Edge Deployment on NVIDIA Jetson

This model has been validated on NVIDIA Jetson Orin NX 16GB with llama.cpp.

Validation Hardware Environment

Property Value
Device Model NVIDIA Orin NX Developer Kit
Module / Carrier Board Jetson Orin NX 16GB (P3767-0000) / P3768-0000
SoC / Platform Tegra234 (Orin, tegra23x family)
JetPack / L4T JetPack 5.1.2 / L4T 35.4.1
OS / Kernel Ubuntu 20.04.6 LTS / Linux 5.10.120-tegra
Python 3.8.10
Libraries CUDA 11.4.315, cuDNN 8.6.0.166, TensorRT 8.5.2.2, VPI 2.3.9, Vulkan 1.3.204
OpenCV cv2 4.5.4, CUDA not enabled
Power Mode MAXN
Storage 937 GB NVMe system drive

Example Idle Snapshot on the Validation Device

The values below are a representative jtop snapshot from the validation device and are not fixed hardware limits.

Sensor Example Status
CPU 8 cores, roughly 1-8% load at 729 MHz
GPU 0% load at 306 MHz
Memory 4.1 GB / 15.2 GB
Swap 425 MB / 7.6 GB
EMC 204 MHz (reported cap ~3.2 GHz)
Storage 67.4 GB / 937 GB used
Cooling Fan PWM 100%; jtop reported 0 RPM
Temperatures CPU/GPU/SoC roughly 44-49°C

Why llama.cpp on Jetson?

JetPack 5.1.2 ships with CUDA 11.4. On Jetson, many recent inference stacks either target newer CUDA/toolchain combinations or require significant patching to be practical. In contrast, llama.cpp offers a simpler deployment path:

  • native GGUF support
  • straightforward CUDA build on Jetson
  • OpenAI-compatible HTTP server
  • good memory efficiency for quantized deployment
  • practical support for vision-language inference via mmproj

Build and Deploy on Jetson

# Build llama.cpp on Jetson
git clone https://github.com/ggml-org/llama.cpp
cd llama.cpp
cmake -B build -DGGML_CUDA=ON
cmake --build build --config Release -j$(nproc)
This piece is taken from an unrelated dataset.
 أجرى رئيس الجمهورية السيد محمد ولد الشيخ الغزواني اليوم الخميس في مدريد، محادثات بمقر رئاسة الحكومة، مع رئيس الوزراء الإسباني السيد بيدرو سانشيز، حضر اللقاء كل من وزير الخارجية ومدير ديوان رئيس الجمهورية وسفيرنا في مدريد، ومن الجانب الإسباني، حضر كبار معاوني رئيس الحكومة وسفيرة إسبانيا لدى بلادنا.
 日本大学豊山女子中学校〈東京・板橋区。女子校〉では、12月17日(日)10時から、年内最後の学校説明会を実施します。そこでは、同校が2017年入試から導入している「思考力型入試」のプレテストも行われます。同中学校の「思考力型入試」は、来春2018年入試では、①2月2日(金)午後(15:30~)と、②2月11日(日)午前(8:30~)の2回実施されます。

# Download model and vision projector
huggingface-cli download WayBob/Qwen3VL-8B-4bit-GGUF-Jetson-Deployment \
  --include "gguf_16bit_4bit/disaster-8b-q4km.gguf" \
  --local-dir models/

huggingface-cli download Qwen/Qwen3-VL-8B-Instruct-GGUF \
  --include "*mmproj*Q8*" \
  --local-dir models/

# Launch server
./build/bin/llama-server \
  -m models/gguf_16bit_4bit/disaster-8b-q4km.gguf \
  --mmproj models/mmproj-Qwen3VL-8B-Instruct-Q8_0.gguf \
  -ngl 99 \
  --fit off \
  -c 8192 \
  -ctk q8_0 -ctv q8_0 \
  --host 0.0.0.0 \
  --port 8080

Key Flags

Flag Purpose
-ngl 99 Offload all decoder layers to GPU
--fit off Skip auto memory fitting and reduce Jetson startup time
-c 8192 Set the context length
-ctk q8_0 -ctv q8_0 Quantize KV cache to Q8 to save memory

Representative Memory Footprint

Measured on the validated Jetson setup with Q4_K_M and Q8 KV cache.
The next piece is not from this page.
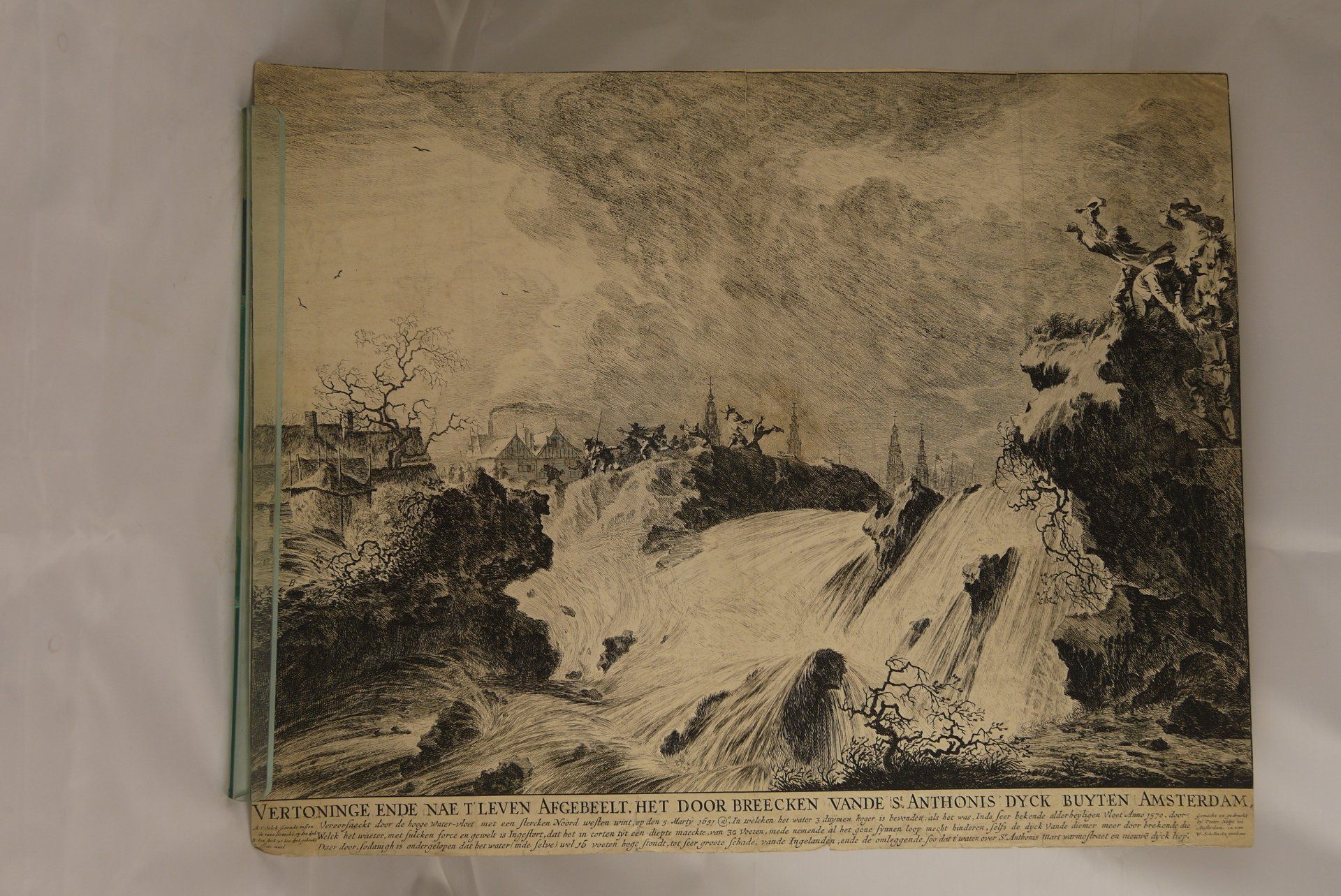 St. Anthony's Dike broke twice in the St. Peter’s flood of March 5, 1651 with the floods pouring through. Etching after Willem Schellincks (1627 - 1678). Engraved 1651, by Pieter Nolpe (1613/14 - 1652/53). Overall size: 51cm high x 40.5cm.

Component Memory Footprint
LLM (Q4_K_M) ~4.5 GB
Vision projector (mmproj) ~0.7 GB
KV cache (Q8, c=8192) ~0.6 GB
Compute buffers ~0.4 GB
Total ~6.3 GB

Representative Performance

These are deployment observations from the validated Jetson configuration. They should be treated as representative, not guaranteed.
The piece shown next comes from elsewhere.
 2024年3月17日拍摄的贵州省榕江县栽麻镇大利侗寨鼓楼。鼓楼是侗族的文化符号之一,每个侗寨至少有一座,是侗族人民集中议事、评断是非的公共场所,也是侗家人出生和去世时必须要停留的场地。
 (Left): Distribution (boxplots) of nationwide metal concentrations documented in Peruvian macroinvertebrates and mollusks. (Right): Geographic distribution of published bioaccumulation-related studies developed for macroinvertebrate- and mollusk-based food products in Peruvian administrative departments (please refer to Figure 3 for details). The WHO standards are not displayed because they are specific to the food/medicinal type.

Input Resolution Image Processing TTFT Text Generation
1024×1024 ~8.7 s ~10.3 s ~10-11 tok/s
512×512 ~0.9 s ~1.9 s ~10-11 tok/s

Notes on Image Resolution and Visual Tokens

Qwen3-VL uses 14-pixel image patches with a spatial merge size of 2, and its preprocessing aligns image dimensions to multiples of 28 through smart resizing.

In practice, this means:

  • visual token count depends on the processed image size after smart resize
  • token count is not always equal to a simple raw width × height formula
  • larger input resolution significantly increases prefilling time and TTFT

For disaster type classification, 512×512 is often a strong latency/quality trade-off on Jetson. Use 1024×1024 only when the extra detail is necessary.

Merge and Quantization Pipeline

The deployment pipeline from the LoRA adapter to Jetson-ready GGUF is:

QLoRA Fine-tuning
    ↓
LoRA Adapter
    ↓  LLaMA-Factory export
Merged HF Model (BF16)
    ↓  llama.cpp convert_hf_to_gguf.py
GGUF F16
    ↓  llama-quantize
GGUF Q4_K_M
    ↓
Deployment on Jetson with llama.cpp

Merge Configuration (LLaMA-Factory)

model_name_or_path: Qwen/Qwen3-VL-8B-Instruct
adapter_name_or_path: WayBob/Qwen3VL-8B-QLora-4bit-xView2-Disaster-Recognition
template: qwen3_vl_nothink
trust_remote_code: true
export_dir: <replace-with-your-LLaMA-Factory-path>/output/qwen3vl_8b_disaster_merged
export_size: 5
export_device: cpu
export_legacy_format: false

Important: do not set quantization_bit during merge. Training used 4-bit quantization for efficiency, but the merge step should export merged weights first and quantize only afterward.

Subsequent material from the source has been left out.